De l'autre côté de l'Atlantique, dans les Amériques, les découvertes archéologiques récentes ont repoussé de plusieurs millénaires la date de la domestication des plantes. L'idée que l'agriculture n'a débuté qu'il y a 5 000 à 7 000 ans dans le centre du Mexique a été remise en question. Des preuves indiquent désormais que des cultures comme le maïs et la courge existaient il y a environ 10 000 ans. La domestication des herbes sauvages, telles que le teosinte, qui a donné naissance au maïs, et des animaux comme les lamas et les dindes, a transformé les sociétés de cette région. Ces domestications ont donné naissance à une agriculture diversifiée, incluant des cultures comme le haricot, la pomme de terre, le piment, l'avocat, la papaye, et bien d'autres. Leurs produits, tels que le maïs et la pomme de terre, ont été largement diffusés après la découverte des Amériques par les conquistadors au XVIe siècle.

Un autre exemple fascinant de la domestication dans les Amériques est la ville de Tenochtitlan, capitale des Aztèques, où Hernán Cortés, au début du XVIe siècle, décrivit une agriculture florissante. Les Aztèques cultivaient une large gamme de plantes, allant des légumes verts comme l'oignon et l'ail, aux fruits comme les cerises et les prunes, en passant par le miel extrait des abeilles et du maguey, une plante qui fournissait aussi du sucre et du vin. Cette diversité agricole soutenait une société complexe, où les produits alimentaires étaient abondants et variés.

Il est important de noter que, bien que de nombreuses civilisations aient vu le jour grâce à l'agriculture, la transition de la chasse et cueillette à l'agriculture ne fut pas immédiate. Dans certaines régions du monde, ce changement a eu lieu progressivement sur une période de 10 000 ans. Les premiers villages agricoles étaient généralement petits et indépendants, fondés sur des systèmes de culture autonomes, où chaque famille cultivait ses propres ressources. Ces communautés, bien que disposant parfois de liens commerciaux avec d'autres villages, étaient loin d'être hiérarchisées ou centralisées. Les structures de ces villages étaient souvent simples, composées de maisons de tailles similaires, et les outils et ressources étaient fabriqués localement.

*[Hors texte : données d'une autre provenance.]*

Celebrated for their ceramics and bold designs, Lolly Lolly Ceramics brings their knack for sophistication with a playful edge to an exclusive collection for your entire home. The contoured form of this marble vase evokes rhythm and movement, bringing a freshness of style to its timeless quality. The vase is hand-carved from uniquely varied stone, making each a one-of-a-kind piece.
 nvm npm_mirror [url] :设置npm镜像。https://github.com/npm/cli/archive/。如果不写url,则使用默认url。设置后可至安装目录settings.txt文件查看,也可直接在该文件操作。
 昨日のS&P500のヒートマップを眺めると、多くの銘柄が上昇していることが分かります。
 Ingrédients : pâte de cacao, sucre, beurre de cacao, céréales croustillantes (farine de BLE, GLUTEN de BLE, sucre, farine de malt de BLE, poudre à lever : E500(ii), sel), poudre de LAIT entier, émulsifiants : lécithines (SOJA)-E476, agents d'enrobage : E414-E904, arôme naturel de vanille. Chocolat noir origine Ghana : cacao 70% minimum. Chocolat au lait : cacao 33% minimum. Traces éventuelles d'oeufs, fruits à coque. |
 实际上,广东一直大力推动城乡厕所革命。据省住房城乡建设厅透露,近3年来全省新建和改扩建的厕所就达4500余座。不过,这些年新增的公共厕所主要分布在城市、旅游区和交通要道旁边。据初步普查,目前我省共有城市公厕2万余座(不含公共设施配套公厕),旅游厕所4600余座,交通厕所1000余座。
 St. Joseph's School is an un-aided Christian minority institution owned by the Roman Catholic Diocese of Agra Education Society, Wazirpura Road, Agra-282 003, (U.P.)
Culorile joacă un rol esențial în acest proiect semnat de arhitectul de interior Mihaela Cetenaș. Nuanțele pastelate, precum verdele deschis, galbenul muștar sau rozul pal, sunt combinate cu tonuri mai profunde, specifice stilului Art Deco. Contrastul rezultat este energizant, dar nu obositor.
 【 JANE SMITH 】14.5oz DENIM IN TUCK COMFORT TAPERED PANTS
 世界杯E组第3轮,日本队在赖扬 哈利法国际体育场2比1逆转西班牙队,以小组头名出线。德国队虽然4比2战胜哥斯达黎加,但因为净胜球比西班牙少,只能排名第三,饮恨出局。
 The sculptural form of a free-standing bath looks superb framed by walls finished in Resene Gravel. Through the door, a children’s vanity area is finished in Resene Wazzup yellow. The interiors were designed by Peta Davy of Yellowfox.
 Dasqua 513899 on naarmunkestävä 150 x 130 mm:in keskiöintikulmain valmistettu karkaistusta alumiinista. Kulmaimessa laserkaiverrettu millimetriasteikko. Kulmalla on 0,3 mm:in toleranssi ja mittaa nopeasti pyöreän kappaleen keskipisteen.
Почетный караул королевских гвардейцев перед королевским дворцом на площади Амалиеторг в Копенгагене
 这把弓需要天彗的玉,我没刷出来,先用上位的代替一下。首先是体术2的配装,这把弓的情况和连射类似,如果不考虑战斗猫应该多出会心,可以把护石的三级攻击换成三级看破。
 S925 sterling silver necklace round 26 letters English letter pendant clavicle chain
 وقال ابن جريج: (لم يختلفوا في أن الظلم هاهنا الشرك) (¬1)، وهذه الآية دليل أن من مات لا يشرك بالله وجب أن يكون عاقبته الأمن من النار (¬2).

Les villages, bien qu'ayant des échanges limités, étaient suffisamment indépendants pour ne pas dépendre du commerce extérieur pour leur survie. Cette indépendance économique et la faible spécialisation des métiers sont des caractéristiques notables des premières sociétés agricoles.

Les animaux domestiqués, comme le chien, jouent également un rôle clé dans l'évolution des sociétés agricoles. Des recherches récentes en génomique ont permis de retracer l'histoire du chien, montrant qu'il descend probablement du loup gris, domestiqué entre 15 000 et 40 000 ans en Asie. Le chien a été l'un des premiers animaux domestiqués par l'homme, servant à la fois de compagnon et de travailleur. Ce lien entre l'homme et l'animal a renforcé les sociétés humaines, notamment dans leur capacité à chasser, à protéger les récoltes et à servir de guide.

Ces premières pratiques agricoles et la domestication des animaux ne sont pas seulement un chapitre de l'histoire ancienne, mais elles ont jeté les bases des sociétés modernes. La manière dont les humains ont adapté leur environnement à leurs besoins, tout en créant des réseaux d'échanges et de communication, reste une référence pour comprendre l'évolution des sociétés humaines. Les premières sociétés agricoles ont non seulement permis de nourrir des populations de plus en plus nombreuses, mais elles ont aussi préparé le terrain pour la complexification des structures sociales et politiques, menant, des milliers d'années plus tard, à l'émergence des grandes civilisations.